Welcome to the tag category page for LightGBM!
Kaggle is an online community of data scientists and machine learning engineers. It is a subsidiary of Google and offers a no-setup, customizable, Jupyter Notebooks environment. Users can access GPUs at no cost to them and a huge repository of community published data. Kaggle allows users to find and publish datasets, explore and build models in a web-based data-science environment, work with other data scientists and machine learning engineers, and enter competitions to solve data science challenges. It can be a great learning tool for beginners, and getting a job in data science is possible through Kaggle as it helps to acquire the technical skills necessary to attract potential employers seeking data scientists. Kaggle and Github are different platforms, and while Kaggle focuses on building AI models, contributing to datasets and entering competitions, Github is more function-focused and is a hosting platform for the versioning control system called Git.

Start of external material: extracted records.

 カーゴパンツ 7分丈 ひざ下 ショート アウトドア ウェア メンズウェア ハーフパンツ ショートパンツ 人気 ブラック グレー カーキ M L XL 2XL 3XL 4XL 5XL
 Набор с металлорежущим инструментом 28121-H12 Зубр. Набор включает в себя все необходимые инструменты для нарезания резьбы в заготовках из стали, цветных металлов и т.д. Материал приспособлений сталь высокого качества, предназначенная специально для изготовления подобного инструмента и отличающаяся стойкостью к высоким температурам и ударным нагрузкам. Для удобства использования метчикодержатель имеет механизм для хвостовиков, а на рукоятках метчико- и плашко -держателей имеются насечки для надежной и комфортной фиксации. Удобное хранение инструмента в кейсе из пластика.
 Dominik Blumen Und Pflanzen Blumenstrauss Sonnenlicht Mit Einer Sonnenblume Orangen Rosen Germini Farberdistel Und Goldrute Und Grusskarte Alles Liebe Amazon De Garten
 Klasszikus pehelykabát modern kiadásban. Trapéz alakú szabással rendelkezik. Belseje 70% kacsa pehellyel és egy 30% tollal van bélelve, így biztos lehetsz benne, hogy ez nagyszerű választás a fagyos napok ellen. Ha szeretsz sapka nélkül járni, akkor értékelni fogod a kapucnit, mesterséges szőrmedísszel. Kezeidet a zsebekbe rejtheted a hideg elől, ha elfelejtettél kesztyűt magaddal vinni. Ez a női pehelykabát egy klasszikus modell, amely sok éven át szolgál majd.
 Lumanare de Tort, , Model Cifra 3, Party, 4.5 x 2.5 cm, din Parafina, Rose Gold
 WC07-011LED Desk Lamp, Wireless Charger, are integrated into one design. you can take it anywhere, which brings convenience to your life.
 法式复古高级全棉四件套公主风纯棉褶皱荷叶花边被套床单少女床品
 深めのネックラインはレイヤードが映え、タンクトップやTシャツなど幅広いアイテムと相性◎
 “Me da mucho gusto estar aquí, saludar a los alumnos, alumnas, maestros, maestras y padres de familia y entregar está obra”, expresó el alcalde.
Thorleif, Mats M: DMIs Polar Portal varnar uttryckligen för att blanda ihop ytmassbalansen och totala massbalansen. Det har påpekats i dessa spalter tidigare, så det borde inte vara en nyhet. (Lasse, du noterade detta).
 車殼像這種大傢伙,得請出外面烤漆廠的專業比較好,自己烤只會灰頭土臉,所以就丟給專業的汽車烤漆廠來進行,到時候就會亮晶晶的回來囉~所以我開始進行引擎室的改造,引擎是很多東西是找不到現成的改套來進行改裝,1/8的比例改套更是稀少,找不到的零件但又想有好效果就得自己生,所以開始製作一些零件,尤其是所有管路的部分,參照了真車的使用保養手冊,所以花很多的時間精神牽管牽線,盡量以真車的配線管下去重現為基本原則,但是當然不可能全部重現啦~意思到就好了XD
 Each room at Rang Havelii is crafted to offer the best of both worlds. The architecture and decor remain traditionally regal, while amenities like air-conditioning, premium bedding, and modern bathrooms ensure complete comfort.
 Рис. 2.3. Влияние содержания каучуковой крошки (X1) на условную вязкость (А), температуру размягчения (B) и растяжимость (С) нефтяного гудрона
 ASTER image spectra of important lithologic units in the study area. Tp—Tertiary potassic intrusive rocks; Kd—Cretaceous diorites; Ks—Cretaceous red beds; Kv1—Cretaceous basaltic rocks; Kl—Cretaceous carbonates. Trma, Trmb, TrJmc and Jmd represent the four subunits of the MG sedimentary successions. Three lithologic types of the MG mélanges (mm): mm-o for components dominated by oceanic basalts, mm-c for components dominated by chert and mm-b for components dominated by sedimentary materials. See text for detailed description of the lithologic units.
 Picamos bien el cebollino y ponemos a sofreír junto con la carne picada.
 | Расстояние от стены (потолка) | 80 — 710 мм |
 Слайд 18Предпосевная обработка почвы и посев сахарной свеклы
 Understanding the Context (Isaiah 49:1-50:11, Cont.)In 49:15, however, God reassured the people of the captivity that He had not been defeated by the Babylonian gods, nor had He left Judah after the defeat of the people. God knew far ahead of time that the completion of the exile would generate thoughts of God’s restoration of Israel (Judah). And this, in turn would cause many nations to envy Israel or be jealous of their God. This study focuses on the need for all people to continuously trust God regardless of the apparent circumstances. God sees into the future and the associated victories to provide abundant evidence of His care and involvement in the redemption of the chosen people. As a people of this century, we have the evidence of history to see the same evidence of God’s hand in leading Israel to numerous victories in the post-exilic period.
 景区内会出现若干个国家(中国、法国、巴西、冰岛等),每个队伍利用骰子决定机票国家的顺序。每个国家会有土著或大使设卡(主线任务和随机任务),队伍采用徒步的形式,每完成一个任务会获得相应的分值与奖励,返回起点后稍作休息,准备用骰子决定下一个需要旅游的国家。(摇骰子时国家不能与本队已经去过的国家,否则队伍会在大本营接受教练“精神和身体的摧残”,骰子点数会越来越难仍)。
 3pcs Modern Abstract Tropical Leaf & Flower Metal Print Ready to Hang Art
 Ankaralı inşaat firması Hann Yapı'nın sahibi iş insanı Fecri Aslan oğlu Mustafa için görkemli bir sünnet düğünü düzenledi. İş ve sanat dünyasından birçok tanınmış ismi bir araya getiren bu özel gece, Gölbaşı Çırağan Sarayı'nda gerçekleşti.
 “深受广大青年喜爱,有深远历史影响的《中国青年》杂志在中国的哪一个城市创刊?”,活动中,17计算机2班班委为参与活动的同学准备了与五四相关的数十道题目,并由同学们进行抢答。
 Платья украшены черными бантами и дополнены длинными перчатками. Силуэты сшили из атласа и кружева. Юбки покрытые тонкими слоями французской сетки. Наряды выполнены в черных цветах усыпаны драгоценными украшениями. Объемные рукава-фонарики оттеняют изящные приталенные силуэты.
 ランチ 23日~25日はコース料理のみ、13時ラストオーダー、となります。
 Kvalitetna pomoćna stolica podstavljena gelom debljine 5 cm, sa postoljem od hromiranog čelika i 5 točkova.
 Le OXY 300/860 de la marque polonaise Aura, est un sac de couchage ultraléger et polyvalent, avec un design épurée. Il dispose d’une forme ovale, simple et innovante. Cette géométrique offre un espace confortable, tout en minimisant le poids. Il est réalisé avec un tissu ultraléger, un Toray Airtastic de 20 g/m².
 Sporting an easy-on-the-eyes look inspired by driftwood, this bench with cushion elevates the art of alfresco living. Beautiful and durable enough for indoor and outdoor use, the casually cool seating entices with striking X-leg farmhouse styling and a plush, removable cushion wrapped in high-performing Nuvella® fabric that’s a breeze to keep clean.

Optuna is an automatic hyperparameter optimization software framework that is designed for machine learning. It features an imperative, define-by-run style interface and supports various state-of-the-art optimization algorithms, including Bayesian optimization. Optuna enables automatic searches and finds optimal hyperparameters by trial and error, which leads to excellent performance. Moreover, it supports imperative parameter definition, which provides more flexibility, and features a pruning mechanism that monitors each trial's learning curves and determines the sets of hyperparameters that will not lead to good results. Currently, the software can be used in Python and is available on GitHub. Overall, Optuna is a powerful tool that is widely used and highly recommended for hyperparameter optimization in the field of machine learning.